Belshe also raises doubts about the term “crypto bank,” noting that it is not clearly defined in current law. He argues that the term blurs two fundamentally different risk structures: trust institutions versus partial-reserve banks. He points out that national trust banks have long held assets such as artworks, gold and silver bars, jewelry, farmland, and commercial interests, and that digital assets fit within similarly structured trust frameworks. BitGo obtained a South Dakota trust charter in 2018 and holds regulated entities or licenses in New York, Switzerland, Germany, Dubai, and Singapore.

Regarding stablecoin reserves, Belshe confirms that BitGo fully holds reserves at a 1:1 ratio and does not conduct any lending or maturity transformation, and performs auditor-supported reserve attestations twice per month. There are also quarterly and annual audits, with frequencies higher than those of typical periodic bank audit reports. Belshe concludes: “Asset categories won’t change the structure.” At the end of the letter, he invites Warren to communicate directly with BitGo and its employees, and says the company has spent the past ten years seeking stricter regulation, believing that OCC charters are an extension of the federal layer rather than a route to evade regulation.

Frequently asked questions

What is the fundamental difference between an OCC national trust bank charter and a commercial bank license?

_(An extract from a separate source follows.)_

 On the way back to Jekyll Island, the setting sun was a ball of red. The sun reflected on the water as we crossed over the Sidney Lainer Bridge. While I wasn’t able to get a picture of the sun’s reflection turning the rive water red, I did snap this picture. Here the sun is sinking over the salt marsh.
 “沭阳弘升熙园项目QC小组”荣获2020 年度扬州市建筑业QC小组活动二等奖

A national trust bank charter authorizes the institution to provide asset custody and trust services, but does not include accepting retail deposits or making loans. A commercial bank license allows an institution to accept deposits and make loans and requires compliance with a comprehensive regulatory framework including deposit insurance, capital requirements, the Community Reinvestment Act, and the Bank Holding Company Act. Belshe’s open letter is precisely framed around defending this legal distinction, arguing that a trust institution’s risk structure is fundamentally different from that of a deposit bank.

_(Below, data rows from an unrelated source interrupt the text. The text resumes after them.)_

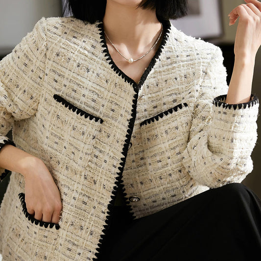 2025 High-end contrasting color Xiaoxiangfeng coat, spring and autumn white tweed short women's coat, spring new women's clothing
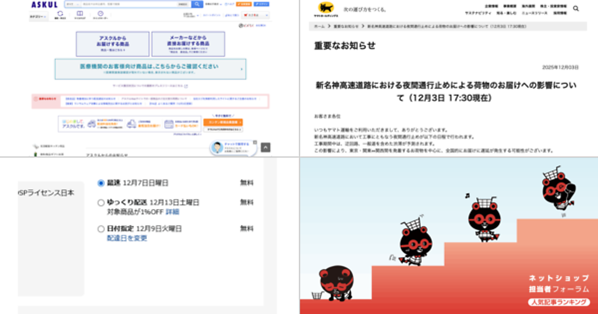 週間人気記事ランキング アスクルが法人向けEC「ASKUL」を再開/ヤマト運輸が東京・関東⇔関西間の発着荷物に遅延発生の可能性【ネッ担アクセスランキング】 2025年12月5日~2025年12月11日にアクセス数の多かった記事のランキングを発表! 見逃している人気記事はありませんか? 藤田遥2025年12月12日 8:00シェアポストはてブBluesky アスクルが法人向けEC「ASKUL」を再開、物流業務は手運用→WMSを使用した在庫商品出荷は12月中旬以降を予定 アスクルは現在、倉庫管理システム(WMS)を利用しない暫定運用で対応しており、WMSを使用した在庫商品の出荷は一部物流センターで12月中旬以降に再開する予定。 鳥栖 剛[執筆] 12月8日 6:00 ヤマト運輸、東京・関東⇔関西間の発着荷物に遅延発生の可能性。12/8以降の新名神高速道路における夜間通行止めの影響 新名神高速道路の甲賀土山IC~草津JCT間(上下線・約32.6km)で工事があり、期間は12月8日(月)夜~12月10日(水)朝と、2025年12月15日(月)夜~12月17日(水)朝。いずれも20時~翌6時(10時間)で夜間通行止めとなる。 鳥栖 剛[執筆] 12月5日 7:30 Amazon、「ゆっくり配送」で対象商品1%引き。12/9まで実施 「ゆっくり配送」を選択すると、配達予定日は最長で注文日から約8日後となる。 鳥栖 剛[執筆] 12月5日 7:00 佐川急便、年末にかけて物量増加で「余裕をもって発送の準備を」と呼びかけ 年末にかけての通販セールや歳末商戦の影響で全国的に荷物の取扱量が大幅に増加するため、佐川急便は早めの発送準備を呼びかけている。 鳥栖 剛[執筆] 12月5日 8:30 楽天、「企業版楽天ふるさと納税」を開設。21自治体のプロジェクトを掲載 楽天グループの「企業版楽天ふるさと納税」は地域創生の支援の一環。現在の参加自治体は21自治体。順次拡大を見込んでいる。 大嶋 喜子[執筆] 12月8日 7:00 「駿河屋」で8月に把握の不正アクセス、カード情報漏えいは約3万件。インシデント発生後の対応+対策+経緯まとめ 漏えいの可能性がある件数は、クレジットカード情報が3万431件、付随する顧客情報が2万9932人分。 鳥栖 剛[執筆] 12月8日 8:30 冬のボーナス、どうでした? 支給額「増加」企業は22.7%、業界別の増加割合は「運輸・倉庫」が33%でトップ、小売は15% 帝国データバンクの調査によると、2025年冬にボーナスや一時金など何らかの形で賞与を支給する予定の企業は80.5%となった。従業員1人当たりの平均支給額が「増加」する企業は前年比0.3ポイント減の22.7%と微減だった。 鳥栖 剛[執筆] 12月10日 6:30 生成AI利用者の44%が、検索エンジンの利用が「減った」。購買意欲の高い検索はECモール、情報検索はAIへと分散の傾向【検索行動調査】 大嶋 喜子[執筆] 12月10日 6:00 「楽天市場」初のプライベートブランド「Rakuten Original」を展開、新たな直営オンライン店舗「楽天オリジナル」で販売 「楽天市場」のプライベートブランド「Rakuten Original」は、天然水、炭酸水、ウェットティッシュ、マスクなどの日用品を展開する。 鳥栖 剛[執筆] 12月8日 6:30 2025年度のアパレル総小売市場規模は8.5兆で1.7%増、伸び率鈍化も4年連続でプラス成長 鳥栖 剛[執筆] 12月9日 9:00 運営 商品企画・開発(MD) オムニチャネル 業界動向 調査 調査データ ※期間内のPV数によるランキングです。一部のまとめ記事や殿堂入り記事はランキング集計から除外されています。 業界動向 9,268お知らせ 764 この記事をシェアしてほしいタヌ!シェアポスト>はてブnoteで書くLINEで送る
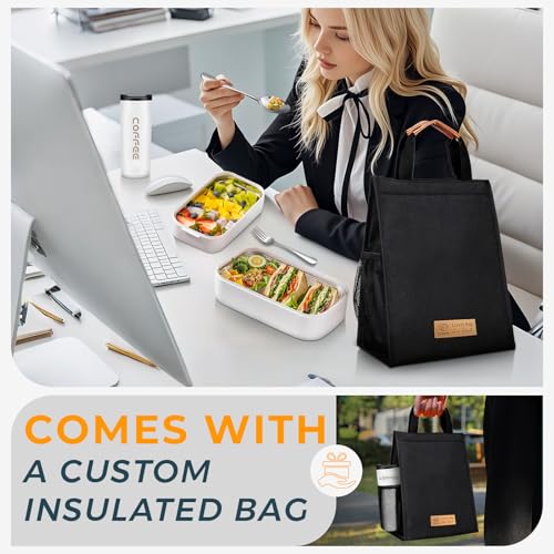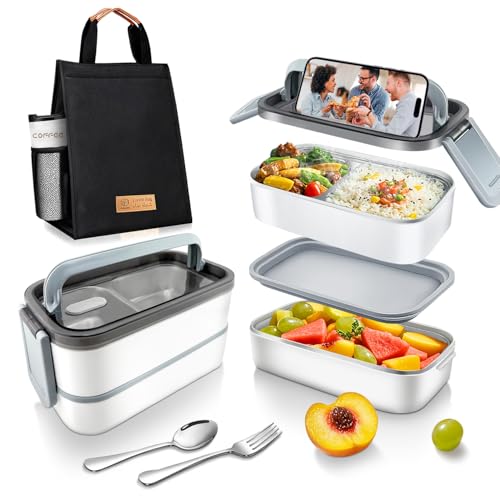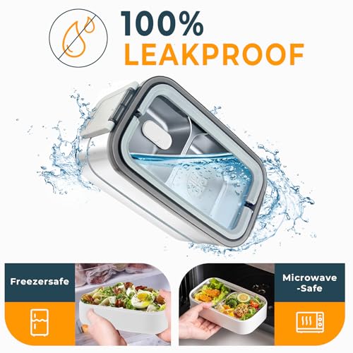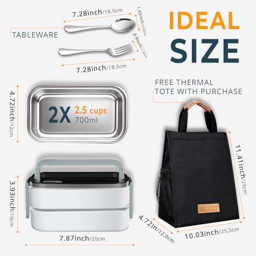 Adando - صندوق بينتو من الستانلس ستيل 304 محمول مع اغطية من اداندو، صندوق غداء عازل للحرارة مزدوج الطبقة، صندوق غداء مقاوم للتسرب، صندوق غداء لتسخين فرن الميكروويف للبالغين (ابيض)

How does the GENIUS Act affect OCC’s approval policy for crypto trust charters?

The GENIUS Act was passed in July 2025 and established a federal regulatory framework for stablecoins, clarifying issuers’ reserve requirements and audit standards. After the bill passed, the OCC accelerated its handling speed for crypto trust charter applications. The conditional approval of Ripple National Trust Bank clearly positioned it to complement its RLUSD stablecoin business, directly tying it to the GENIUS Act regulatory framework.

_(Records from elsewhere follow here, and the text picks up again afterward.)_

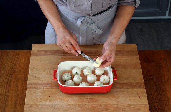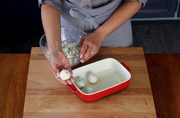 5Confectionnez des boulettes de la taille d'une grosse noix, déposez-les dans un plat à gratin.
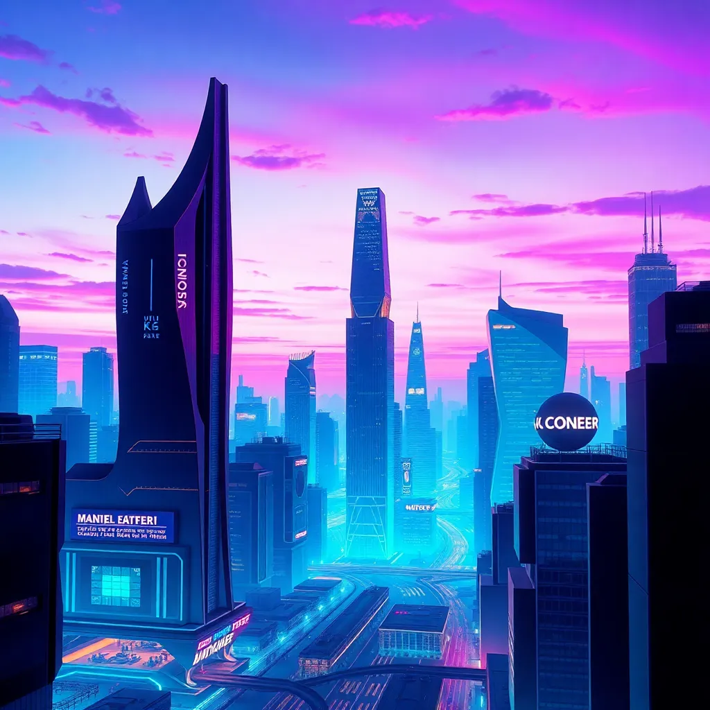 Create a futuristic cityscape at sunset, with sleek skyscrapers, hovering drones, and a vibrant purple sky. Incorporate neon lights, holographic advertisements, and a sense of bustling activity. The image should be high-contrast, with bold colors and a dynamic composition that evokes a sense of innovation and progress.
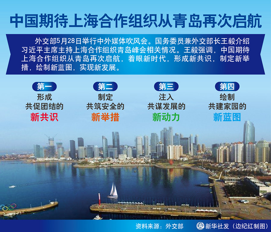 王毅強調,我們期待上海合作組織從青島再次啟航,著眼新時代,形成新共識,制定新舉措,繪制新藍圖,實現新發展。
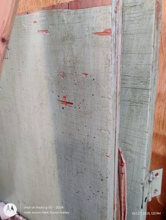 Really great patina in person it's a nice depression era light green not 50 seafoam boards are 4 ft Plus doors or plywood I do have the knobs painted wood also looks like you get to get this treasure please leave a number and response to you receive one thank you

On what basis does Warren request OCC disclosure and communications records with the White House?

In her letter, Warren requested communications records between OCC officials and the White House or members of the Trump family, intending to investigate whether political factors influenced the regulatory approval decision. As of now, the OCC has not publicly responded to this specific request. Warren’s investigation scope currently limits to requesting document disclosures and has not yet proposed any legislative or judicial action.